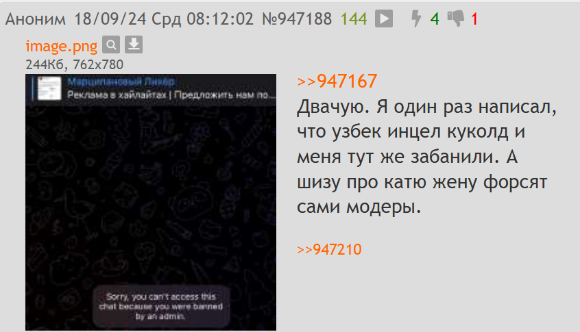 >>1051490 Если про Кирюшу напишешь, то да, тут же пермач. Саму шлюху там в открытую форсит фольга - админ в ликере, репостят её высеры, и никто никого не банит.
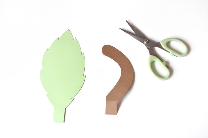 Cut a peach stem out of brown cardstock and a leaf out of green cardstock, leaving a 1” tab on the end (to tape onto the balloon later).
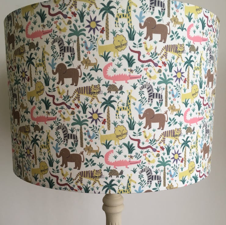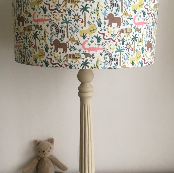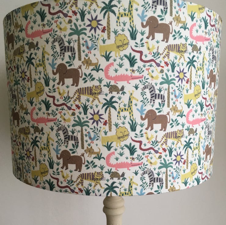 Liberty Louie’s Jungle- Handmade Nursery Table Lampshade. 30cm drum
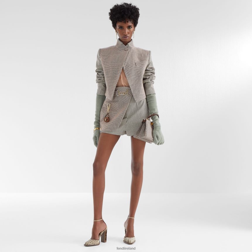 Fendi Women Houndstooth Wool Jacket R06TFR1220 Apparel Beige

_Task item_
What is needed is an exact copy of the lines from the beginning of the data through the line containing "Cut a peach", both included, without any pictures.

_Problem solution_
 >>1051490 Если про Кирюшу напишешь, то да, тут же пермач. Саму шлюху там в открытую форсит фольга - админ в ликере, репостят её высеры, и никто никого не банит.
 Cut a peach stem out of brown cardstock and a leaf out of green cardstock, leaving a 1” tab on the end (to tape onto the balloon later).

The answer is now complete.